Start of Task material

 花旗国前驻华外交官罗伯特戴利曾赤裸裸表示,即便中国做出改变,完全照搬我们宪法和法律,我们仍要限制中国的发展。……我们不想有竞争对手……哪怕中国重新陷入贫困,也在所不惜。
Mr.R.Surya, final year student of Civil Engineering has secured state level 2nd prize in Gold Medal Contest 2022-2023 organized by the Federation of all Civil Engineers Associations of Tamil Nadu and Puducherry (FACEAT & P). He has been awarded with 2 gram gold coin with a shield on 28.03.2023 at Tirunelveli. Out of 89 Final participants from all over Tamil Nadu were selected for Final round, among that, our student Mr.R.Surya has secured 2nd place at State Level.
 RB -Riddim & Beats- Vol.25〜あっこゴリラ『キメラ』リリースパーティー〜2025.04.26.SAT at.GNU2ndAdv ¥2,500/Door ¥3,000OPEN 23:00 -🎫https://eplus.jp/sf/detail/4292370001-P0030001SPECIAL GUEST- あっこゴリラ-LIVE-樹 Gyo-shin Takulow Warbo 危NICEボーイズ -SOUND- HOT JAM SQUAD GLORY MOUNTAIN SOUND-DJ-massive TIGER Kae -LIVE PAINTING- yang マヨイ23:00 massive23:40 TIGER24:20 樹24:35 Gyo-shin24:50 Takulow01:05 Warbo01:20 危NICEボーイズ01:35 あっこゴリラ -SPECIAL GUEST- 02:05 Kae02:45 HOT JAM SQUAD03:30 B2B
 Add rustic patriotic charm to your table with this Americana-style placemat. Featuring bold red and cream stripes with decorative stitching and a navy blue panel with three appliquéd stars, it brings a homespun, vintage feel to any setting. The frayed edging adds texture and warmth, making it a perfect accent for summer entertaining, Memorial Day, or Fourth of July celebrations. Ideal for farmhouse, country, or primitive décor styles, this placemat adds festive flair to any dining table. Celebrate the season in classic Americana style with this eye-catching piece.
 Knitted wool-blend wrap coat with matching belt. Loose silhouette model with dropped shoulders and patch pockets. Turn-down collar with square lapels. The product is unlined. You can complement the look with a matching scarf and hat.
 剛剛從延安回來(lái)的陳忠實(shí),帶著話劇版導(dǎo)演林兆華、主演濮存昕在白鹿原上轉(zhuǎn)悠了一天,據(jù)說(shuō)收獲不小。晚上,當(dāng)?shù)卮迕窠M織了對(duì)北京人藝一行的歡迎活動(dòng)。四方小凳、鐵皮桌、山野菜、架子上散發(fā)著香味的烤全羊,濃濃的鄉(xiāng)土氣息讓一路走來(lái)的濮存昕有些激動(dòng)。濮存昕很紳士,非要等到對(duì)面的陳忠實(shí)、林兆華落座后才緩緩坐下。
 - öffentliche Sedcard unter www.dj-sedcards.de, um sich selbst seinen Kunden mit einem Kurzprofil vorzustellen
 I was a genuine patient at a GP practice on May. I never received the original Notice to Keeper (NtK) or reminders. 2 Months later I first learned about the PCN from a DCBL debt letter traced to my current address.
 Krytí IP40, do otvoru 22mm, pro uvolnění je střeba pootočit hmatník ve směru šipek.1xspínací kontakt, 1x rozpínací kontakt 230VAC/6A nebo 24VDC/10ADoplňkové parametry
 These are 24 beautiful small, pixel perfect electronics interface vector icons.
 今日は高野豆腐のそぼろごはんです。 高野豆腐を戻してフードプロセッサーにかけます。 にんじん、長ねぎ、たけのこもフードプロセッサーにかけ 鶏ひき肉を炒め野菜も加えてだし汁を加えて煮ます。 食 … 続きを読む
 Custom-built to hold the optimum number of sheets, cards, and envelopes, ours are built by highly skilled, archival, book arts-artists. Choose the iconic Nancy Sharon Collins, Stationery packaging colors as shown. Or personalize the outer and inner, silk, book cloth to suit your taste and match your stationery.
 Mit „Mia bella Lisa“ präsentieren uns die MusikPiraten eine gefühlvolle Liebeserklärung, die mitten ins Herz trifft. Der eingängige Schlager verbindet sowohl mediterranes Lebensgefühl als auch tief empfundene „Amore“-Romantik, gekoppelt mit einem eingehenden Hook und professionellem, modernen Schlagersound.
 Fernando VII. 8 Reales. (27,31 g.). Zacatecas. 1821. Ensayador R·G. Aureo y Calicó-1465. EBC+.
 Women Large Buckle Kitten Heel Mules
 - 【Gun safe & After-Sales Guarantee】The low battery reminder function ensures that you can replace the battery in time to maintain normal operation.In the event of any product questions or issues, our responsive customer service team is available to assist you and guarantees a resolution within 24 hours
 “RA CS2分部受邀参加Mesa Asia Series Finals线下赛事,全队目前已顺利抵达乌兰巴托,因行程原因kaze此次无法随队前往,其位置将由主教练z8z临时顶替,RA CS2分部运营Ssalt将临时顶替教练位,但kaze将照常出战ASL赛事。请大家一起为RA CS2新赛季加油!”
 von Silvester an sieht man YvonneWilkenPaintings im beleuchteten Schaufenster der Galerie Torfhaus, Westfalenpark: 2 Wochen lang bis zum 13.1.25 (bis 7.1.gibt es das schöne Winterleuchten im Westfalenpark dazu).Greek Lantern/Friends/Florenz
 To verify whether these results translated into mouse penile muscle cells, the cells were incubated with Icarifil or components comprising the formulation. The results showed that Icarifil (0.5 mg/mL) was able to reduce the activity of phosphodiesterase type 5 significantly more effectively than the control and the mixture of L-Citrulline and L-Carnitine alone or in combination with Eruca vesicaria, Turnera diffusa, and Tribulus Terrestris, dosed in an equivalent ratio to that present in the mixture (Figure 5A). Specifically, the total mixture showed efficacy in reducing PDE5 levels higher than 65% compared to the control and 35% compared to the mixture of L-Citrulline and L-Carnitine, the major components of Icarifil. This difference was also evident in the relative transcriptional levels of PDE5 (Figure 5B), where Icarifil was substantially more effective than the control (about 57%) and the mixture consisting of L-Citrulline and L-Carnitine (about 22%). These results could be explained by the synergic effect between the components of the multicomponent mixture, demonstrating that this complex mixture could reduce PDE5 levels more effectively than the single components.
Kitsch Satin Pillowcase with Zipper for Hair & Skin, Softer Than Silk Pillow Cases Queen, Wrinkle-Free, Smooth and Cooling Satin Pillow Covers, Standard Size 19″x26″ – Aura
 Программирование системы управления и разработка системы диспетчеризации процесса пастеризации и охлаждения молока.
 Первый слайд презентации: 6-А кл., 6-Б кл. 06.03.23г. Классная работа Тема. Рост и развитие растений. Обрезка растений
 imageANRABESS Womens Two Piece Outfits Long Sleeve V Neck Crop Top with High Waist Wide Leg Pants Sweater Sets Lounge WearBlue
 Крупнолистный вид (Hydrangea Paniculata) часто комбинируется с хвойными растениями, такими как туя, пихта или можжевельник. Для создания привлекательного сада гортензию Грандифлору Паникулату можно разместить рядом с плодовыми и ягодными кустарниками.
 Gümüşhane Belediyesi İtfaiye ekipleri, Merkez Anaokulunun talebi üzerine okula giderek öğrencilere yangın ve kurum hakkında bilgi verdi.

End of Task material

→ About this exercise
Repeat each record above precisely as written.

→ Written answer
 花旗国前驻华外交官罗伯特戴利曾赤裸裸表示,即便中国做出改变,完全照搬我们宪法和法律,我们仍要限制中国的发展。……我们不想有竞争对手……哪怕中国重新陷入贫困,也在所不惜。
Mr.R.Surya, final year student of Civil Engineering has secured state level 2nd prize in Gold Medal Contest 2022-2023 organized by the Federation of all Civil Engineers Associations of Tamil Nadu and Puducherry (FACEAT & P). He has been awarded with 2 gram gold coin with a shield on 28.03.2023 at Tirunelveli. Out of 89 Final participants from all over Tamil Nadu were selected for Final round, among that, our student Mr.R.Surya has secured 2nd place at State Level.
 RB -Riddim & Beats- Vol.25〜あっこゴリラ『キメラ』リリースパーティー〜2025.04.26.SAT at.GNU2ndAdv ¥2,500/Door ¥3,000OPEN 23:00 -🎫https://eplus.jp/sf/detail/4292370001-P0030001SPECIAL GUEST- あっこゴリラ-LIVE-樹 Gyo-shin Takulow Warbo 危NICEボーイズ -SOUND- HOT JAM SQUAD GLORY MOUNTAIN SOUND-DJ-massive TIGER Kae -LIVE PAINTING- yang マヨイ23:00 massive23:40 TIGER24:20 樹24:35 Gyo-shin24:50 Takulow01:05 Warbo01:20 危NICEボーイズ01:35 あっこゴリラ -SPECIAL GUEST- 02:05 Kae02:45 HOT JAM SQUAD03:30 B2B
 Add rustic patriotic charm to your table with this Americana-style placemat. Featuring bold red and cream stripes with decorative stitching and a navy blue panel with three appliquéd stars, it brings a homespun, vintage feel to any setting. The frayed edging adds texture and warmth, making it a perfect accent for summer entertaining, Memorial Day, or Fourth of July celebrations. Ideal for farmhouse, country, or primitive décor styles, this placemat adds festive flair to any dining table. Celebrate the season in classic Americana style with this eye-catching piece.
 Knitted wool-blend wrap coat with matching belt. Loose silhouette model with dropped shoulders and patch pockets. Turn-down collar with square lapels. The product is unlined. You can complement the look with a matching scarf and hat.
 剛剛從延安回來(lái)的陳忠實(shí),帶著話劇版導(dǎo)演林兆華、主演濮存昕在白鹿原上轉(zhuǎn)悠了一天,據(jù)說(shuō)收獲不小。晚上,當(dāng)?shù)卮迕窠M織了對(duì)北京人藝一行的歡迎活動(dòng)。四方小凳、鐵皮桌、山野菜、架子上散發(fā)著香味的烤全羊,濃濃的鄉(xiāng)土氣息讓一路走來(lái)的濮存昕有些激動(dòng)。濮存昕很紳士,非要等到對(duì)面的陳忠實(shí)、林兆華落座后才緩緩坐下。
 - öffentliche Sedcard unter www.dj-sedcards.de, um sich selbst seinen Kunden mit einem Kurzprofil vorzustellen
 I was a genuine patient at a GP practice on May. I never received the original Notice to Keeper (NtK) or reminders. 2 Months later I first learned about the PCN from a DCBL debt letter traced to my current address.
 Krytí IP40, do otvoru 22mm, pro uvolnění je střeba pootočit hmatník ve směru šipek.1xspínací kontakt, 1x rozpínací kontakt 230VAC/6A nebo 24VDC/10ADoplňkové parametry
 These are 24 beautiful small, pixel perfect electronics interface vector icons.
 今日は高野豆腐のそぼろごはんです。 高野豆腐を戻してフードプロセッサーにかけます。 にんじん、長ねぎ、たけのこもフードプロセッサーにかけ 鶏ひき肉を炒め野菜も加えてだし汁を加えて煮ます。 食 … 続きを読む
 Custom-built to hold the optimum number of sheets, cards, and envelopes, ours are built by highly skilled, archival, book arts-artists. Choose the iconic Nancy Sharon Collins, Stationery packaging colors as shown. Or personalize the outer and inner, silk, book cloth to suit your taste and match your stationery.
 Mit „Mia bella Lisa“ präsentieren uns die MusikPiraten eine gefühlvolle Liebeserklärung, die mitten ins Herz trifft. Der eingängige Schlager verbindet sowohl mediterranes Lebensgefühl als auch tief empfundene „Amore“-Romantik, gekoppelt mit einem eingehenden Hook und professionellem, modernen Schlagersound.
 Fernando VII. 8 Reales. (27,31 g.). Zacatecas. 1821. Ensayador R·G. Aureo y Calicó-1465. EBC+.
 Women Large Buckle Kitten Heel Mules
 - 【Gun safe & After-Sales Guarantee】The low battery reminder function ensures that you can replace the battery in time to maintain normal operation.In the event of any product questions or issues, our responsive customer service team is available to assist you and guarantees a resolution within 24 hours
 “RA CS2分部受邀参加Mesa Asia Series Finals线下赛事,全队目前已顺利抵达乌兰巴托,因行程原因kaze此次无法随队前往,其位置将由主教练z8z临时顶替,RA CS2分部运营Ssalt将临时顶替教练位,但kaze将照常出战ASL赛事。请大家一起为RA CS2新赛季加油!”
 von Silvester an sieht man YvonneWilkenPaintings im beleuchteten Schaufenster der Galerie Torfhaus, Westfalenpark: 2 Wochen lang bis zum 13.1.25 (bis 7.1.gibt es das schöne Winterleuchten im Westfalenpark dazu).Greek Lantern/Friends/Florenz
 To verify whether these results translated into mouse penile muscle cells, the cells were incubated with Icarifil or components comprising the formulation. The results showed that Icarifil (0.5 mg/mL) was able to reduce the activity of phosphodiesterase type 5 significantly more effectively than the control and the mixture of L-Citrulline and L-Carnitine alone or in combination with Eruca vesicaria, Turnera diffusa, and Tribulus Terrestris, dosed in an equivalent ratio to that present in the mixture (Figure 5A). Specifically, the total mixture showed efficacy in reducing PDE5 levels higher than 65% compared to the control and 35% compared to the mixture of L-Citrulline and L-Carnitine, the major components of Icarifil. This difference was also evident in the relative transcriptional levels of PDE5 (Figure 5B), where Icarifil was substantially more effective than the control (about 57%) and the mixture consisting of L-Citrulline and L-Carnitine (about 22%). These results could be explained by the synergic effect between the components of the multicomponent mixture, demonstrating that this complex mixture could reduce PDE5 levels more effectively than the single components.
Kitsch Satin Pillowcase with Zipper for Hair & Skin, Softer Than Silk Pillow Cases Queen, Wrinkle-Free, Smooth and Cooling Satin Pillow Covers, Standard Size 19″x26″ – Aura
 Программирование системы управления и разработка системы диспетчеризации процесса пастеризации и охлаждения молока.
 Первый слайд презентации: 6-А кл., 6-Б кл. 06.03.23г. Классная работа Тема. Рост и развитие растений. Обрезка растений
 imageANRABESS Womens Two Piece Outfits Long Sleeve V Neck Crop Top with High Waist Wide Leg Pants Sweater Sets Lounge WearBlue
 Крупнолистный вид (Hydrangea Paniculata) часто комбинируется с хвойными растениями, такими как туя, пихта или можжевельник. Для создания привлекательного сада гортензию Грандифлору Паникулату можно разместить рядом с плодовыми и ягодными кустарниками.
 Gümüşhane Belediyesi İtfaiye ekipleri, Merkez Anaokulunun talebi üzerine okula giderek öğrencilere yangın ve kurum hakkında bilgi verdi.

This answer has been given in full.